Klein
– No Logo: Introduction
In the
introduction to No Logo, Naomi Klein
provides a brief history of the emergence of brand name marketing. She pinpoints the rise of brand
promotion in our economy to an important shift in the theory of corporate
management. Simply put, the
transformation into a marketing economy was brought about by the idea that
“successful corporations must primarily produce brands, as opposed to products.” It turns out that companies can do without
the cost and complexity of manufacturing their own goods. The obvious solution is to focus on the
primary concern, to pitch the product to consumers.
Klein
outlines the transformation of goods from local production to industrial
mass-production, out of which brands emerged. Mechanization necessitated branding by homogenizing
mass-produced goods and products, as familiarity of brand names also came to
advocate for the quality of products that were otherwise anonymously produced
and packaged. Brands came to
epitomize the values that manufacturers wished to project into their
products. Companies realized that
brand names carried enormous cultural capital in themselves, and this justified
a steady rise in advertising spending.
However, there was a crisis in the 90s when premium brands began to lose
business to their bargain equivalents.
It seemed that in times of economic hardship, people cared more about
the product itself, which could be easily duplicated by no-name companies, than
its brand name.
This
is the situation out of which rose contemporary marketing. Companies like Nike, Apple, and
Starbucks are built exclusively around branding. Every aspect of their corporate structure serves a set of
cultural values geared toward selling their brand name. Branding allowed companies to drive up
prices and diversify their range of products. In this model “the product always takes a back seat to the
real product, the brand.” Today,
most brands will describe themselves as “not a product but a way of life, an
attitude, a set of values, a look, an idea.” Successful corporations today are marketing-oriented in
nature, not production oriented.
This is a dramatic shift from the industrial economy critiqued by Marx,
since the commodity is no longer the central concern. The contemporary focus on marketing is more akin to DeBord’s
spectacle.
Klein
– “Patriarchy gets funky” from No Logo,
chapter 5
Here,
Klein focuses on the ways in which corporate marketing swallowed up the
political controversy surrounding media representation of racial, sexual, and
social identity. She sets the
scene in the late 80s, a time at which the politics of social equality were
focused on media representation of minorities and alternative identities. At first, the media and authority
figures reacted strongly against accusations of political incorrectness.
However,
corporations drew on issues of diversity and identity politics, seeing them as
the key to a multitude of market niches, demographics waiting to be
represented. Nike sold racial awareness,
MAC sold gender fluidity, etc.
Political radicals who had formerly thought they were instigating social
revolution found that their ideas had only fueled the prevailing system.
Klein
concludes that companies were able to accommodate cultural differences while
remaining internally coherent by homogenizing the world’s needs and
desires. Enter the age of the
global corporation.
Claire
Bishop – Relational Aesthetics and Antagonism
In
this article, Bishop criticizes artists whose work is based on interactivity
with the viewer. A prominent
proponent of the movement, Nicolas Bourriaud, lays out a new realm of
aesthetics that encompasses real human interaction (on the part of the viewer)

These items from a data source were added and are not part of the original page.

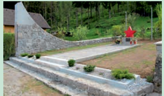
Po obnovi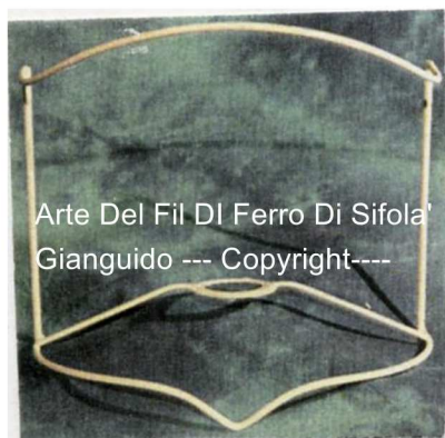
Arte Del Fil Di Ferro Di Sifola' Gianguido --- Copyright---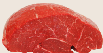
Scamone di bovino adulto sottovuoto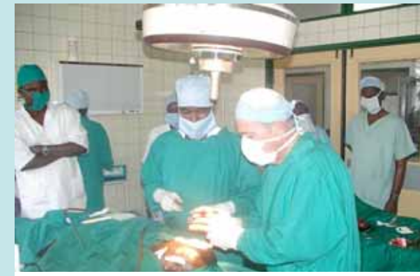
Chirurgien maxillo-facial en cours d'intervention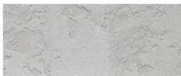
B. hrubý industriální beton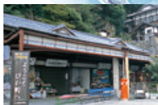
売店 船着場から宝蔵寺へ向かう途中にお土産物のお店があります。びわ湖特産の魚や貝の佃煮や竹生島名物が並んでいます。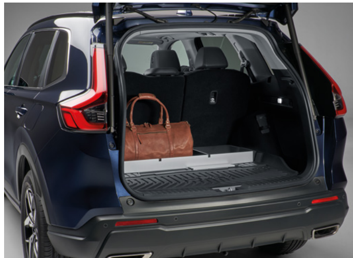
BÖLMELİ BAGAJ ZEMİNİ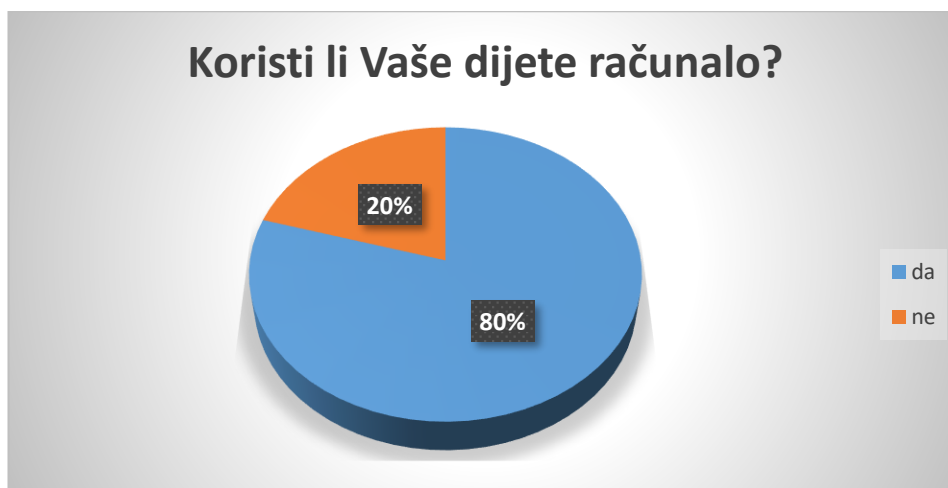
Slika 5. Navika korištenja računala kod djece

Kao što je vidljivo na slici 4., pametni telefon manje od 1 sat dnevno koristi 61% djece, 1 sat dnevno koristi 25%, dok po 7% djece pametni telefon koristi 2 sata dnevno i više od 2 sata dnevno. Većina roditelja (84%) djece koja koriste pametni telefon u potpunosti kontrolira sadržaj koji djeca koriste, njih 8% samo djelomično kontrolira sadržaj, dok 8% dozvoljava djeci da samostalno biraju sadržaj koji koriste na pametnom telefonu.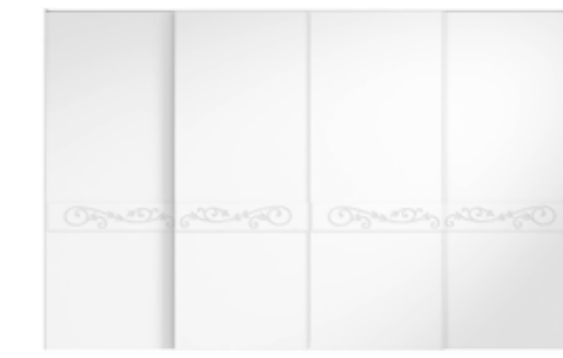
● MODELO 15 - CHAPA NATURAL ROBLE PORO ABIERTO LACADO BLANCO MATE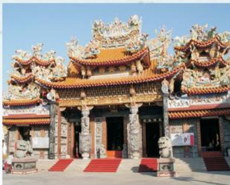
圖7-1-14 安定保安宮現貌

保安宮創始自清嘉慶元年（1796），初建廟於大道公營（今安定鄉蘇厝村南五百公尺「宮九堀」附近）。昔日大道公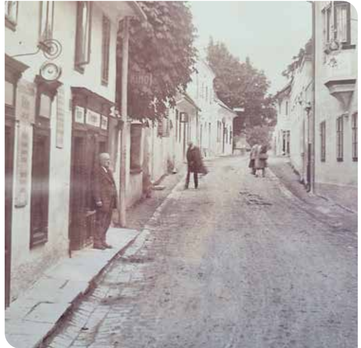
Die Straßenansicht des Geschäfts im Standort Markt 59.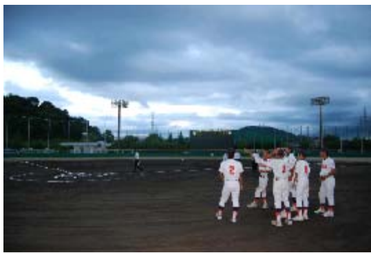
ナイター照明点灯前～期待！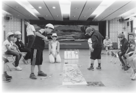
ふれあいいきいきサロン活動の支援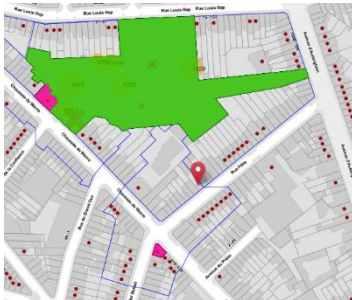
Implantation du bien

En réponse à votre courrier du 22/12/2022, reçu le 23/12/2022, nous vous communiquons l'avis émis par la CRMS en sa séance du 11/01/2023, concernant la demande sous rubrique.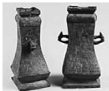
銅方壺 春秋時代 山東省出土(海陽市博物館蔵)

中国文明の東縁部にあり、遼東半島や朝鮮半島へ渡る海上ルートの要地として発達した、山東半島東部の煙台地区の西周時代から戦国時代までの考古学資料を一堂に展示。145点の文物を通して、朝鮮半島や日本列島との文化交流の歴史を紹介いたします。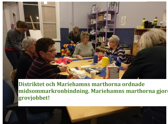
Distriktet och Mariehamns marthorna ordnade midsommarkronbinding. Mariehamns marthorna gjorde grovjobbet!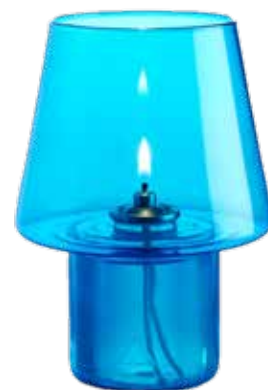
blau Mod. 1700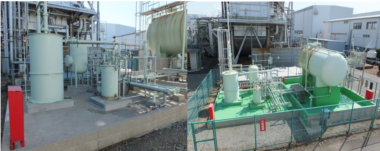
■ 工事名:日立製作所臨海工場 薬液堤保護塗装工事 ■ 施工年:2013年 ■ 施工場所:茨城県 ■ 施工数量:200㎡ ■ 目的:コンクリート改質・表面保護(クリスタルストーンNR併用)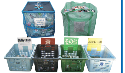
Containers na tapunan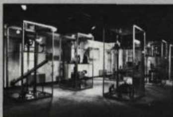
La salle des instruments scientifiques du Musée du Séminaire de Québec.

Après la conférence-démonstration, les jeunes sont invités à essayer eux-mêmes les expériences qui ont été expliquées. À cette fin, plusieurs tables sont mises à leur disposi-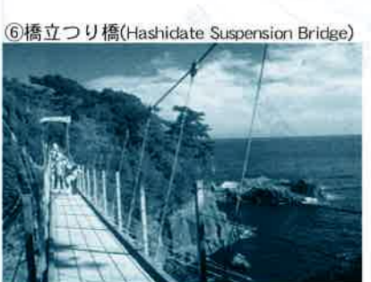
⑥橋立つり橋(Hashidate Suspension Bridge)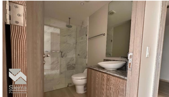
BAÑO SEGUNDA RECÁMARA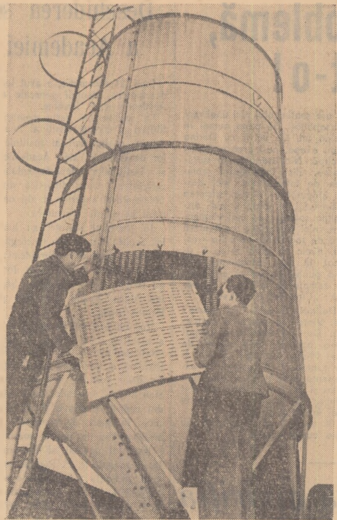
Uzina de mașini agricole Petkus din Wutha (R.D. Germană) produce printre altele silozuri tubulare perfecționate. Fotografia noastră reprezintă un asemenea siloz, care urmează să fie înaltă la o cooperativă agricolă de producție din R.D. Germană.

Comisia permanentă a examinat măsurile pentru ridicarea nivelului de eficiență a activității sale în domeniul colaborării economice și tehnico-științifice dintre țările membre ale C.A.E.R. în domeniul agriculturii. Au fost examinate problemele îmbunătățirii continue a activității Colegiului redacțional al „Revistei agricole internaționale” și a fost aprobat planul de muncă al Comisiei pe anul 1960.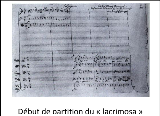
Début de partition du « lacrimosa »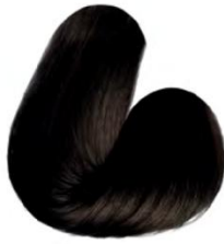
3.0 - CASTANHO ESCURO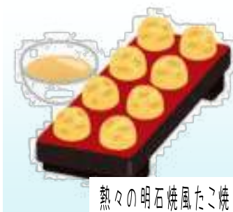
熱々の明石焼風たこ焼き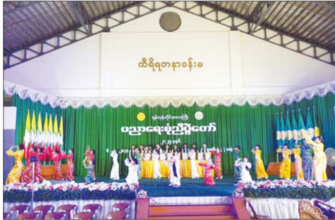
အလုပ်ဖြူနယ်၌ ဇန်နဝါရီ ၆ ရက်က ရန်ကုန်တိုင်းဒေသကြီးအဆင့် ၂၀၂၄-၂၀၂၅ ပညာသင်နှစ် ပညာရေးစုံညီပွဲတော်ကျင်းပစဉ်။

အထူးသဖြင့် ပညာရေးစုံညီပွဲတော်များကျင်းပလာသဖြင့် ဘာသာရပ်အလိုက် ထူးချွန်ဆု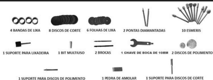
Figura 2: Acessórios da micro retífica.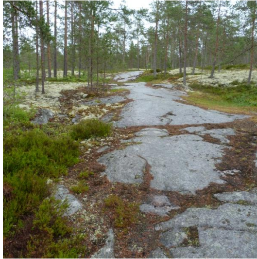
Kuva 9. Kirkkokalliot.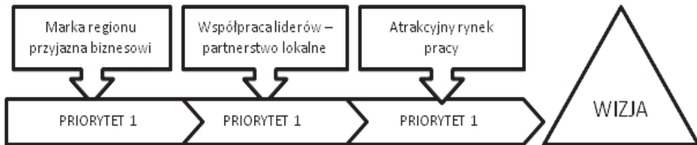
Rys. 3. Priorytety zmiany gospodarczej regionu szczecińskiego

stworzenia atrakcyjnych warunków do życia dla mieszkańców regionu”. Na rysunku 2 przedstawiono poszczególne priorytety w ramach obszarów działania łączące się w celu realizacji opisanej wizji. Po ich przedstawieniu poddane będą analizie pod kątem wpływu na innowacyjność regionu szczecińskiego.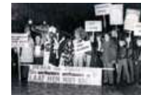
ACTIE IN GENT. 1982

Tabacofina beheert op dat moment een holding van 16 filialen en plantages in onder meer Zaïre, Indonesië en Brazilië, samen goed voor 5.800 personeelsleden.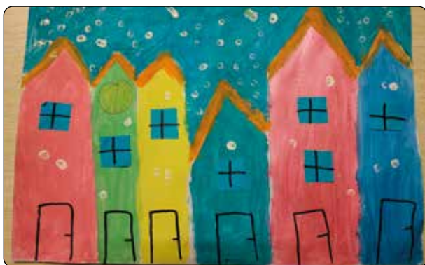
Emma Hrabalová, 4. tř.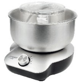
MIXER WITH BOWL AD 4222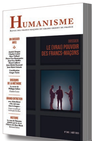
Abonnement à Humanisme 4 numéros par an

E-mail : ea.conform@orange.fr ou Tel. : 01 48 07 55 87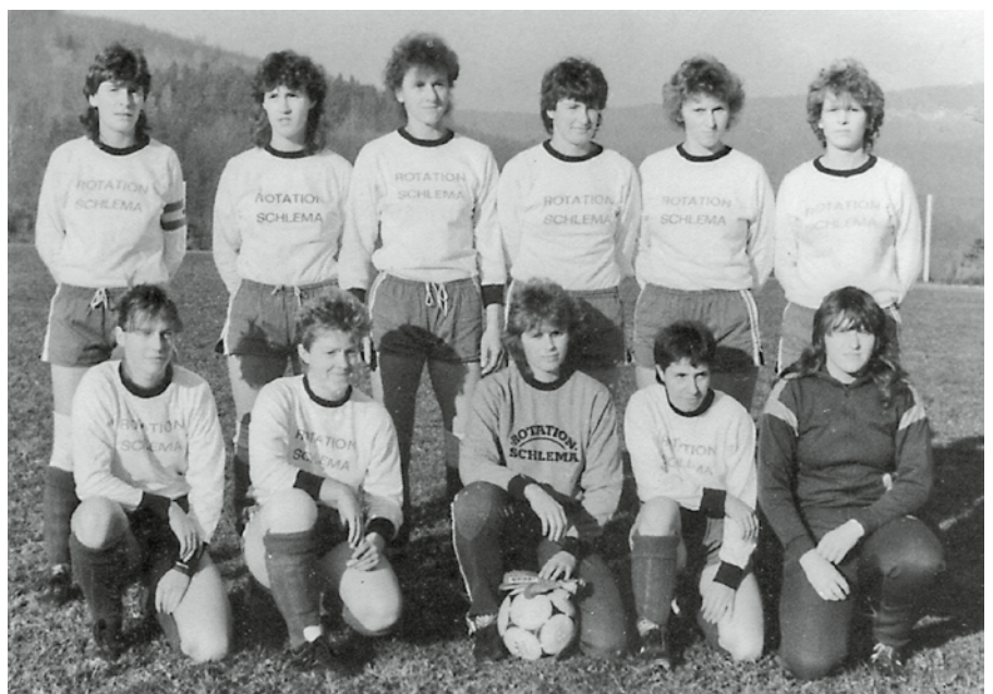
Rotation Schlema, um 1988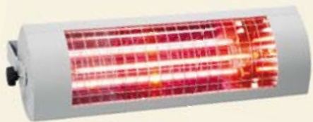
Sonnenwärme auf Knopfdruck – Terrassen- heizung mit moderner Infrarot-Technologie

and the social realities that it represents. Bishop focuses on the artists Rirkrit Tiravanija and Liam
Gillick, both of whom set up installations whose primary purpose is to outline
a distinct social interaction between viewers.
While
interactive work is novel in that it replaces detached opticality with intersubjective
relations, Bourriaud’s analysis is inadequate in that it does not address this
phenomenon with any distinct set of standards that would equip it with
aesthetic value. Bishop introduces
the idea that democratic social structures are based on antagonisms that are
never quite resolved. Antagonism
is the result of collisions between incomplete identities, which necessarily
characterize the subject under Lacan’s definition.
Relational
aesthetic judgments must be formulated with respect to the according realities
of social interaction. Bishop
discusses two artists, Santiago Sierra and Thomas Hirschhorn, whose work
highlights social antagonisms without resolving them via ‘microtopias,’
superficial notions of community evoked by the aforementioned artists. Art that assuages reality by glossing
over social divisions with shallow notions of community is dangerously akin to
entertainment. Even in the sphere
of interactive performance and installation art, the goal remains to mirror and
thus reveal deep, ubiquitous realities.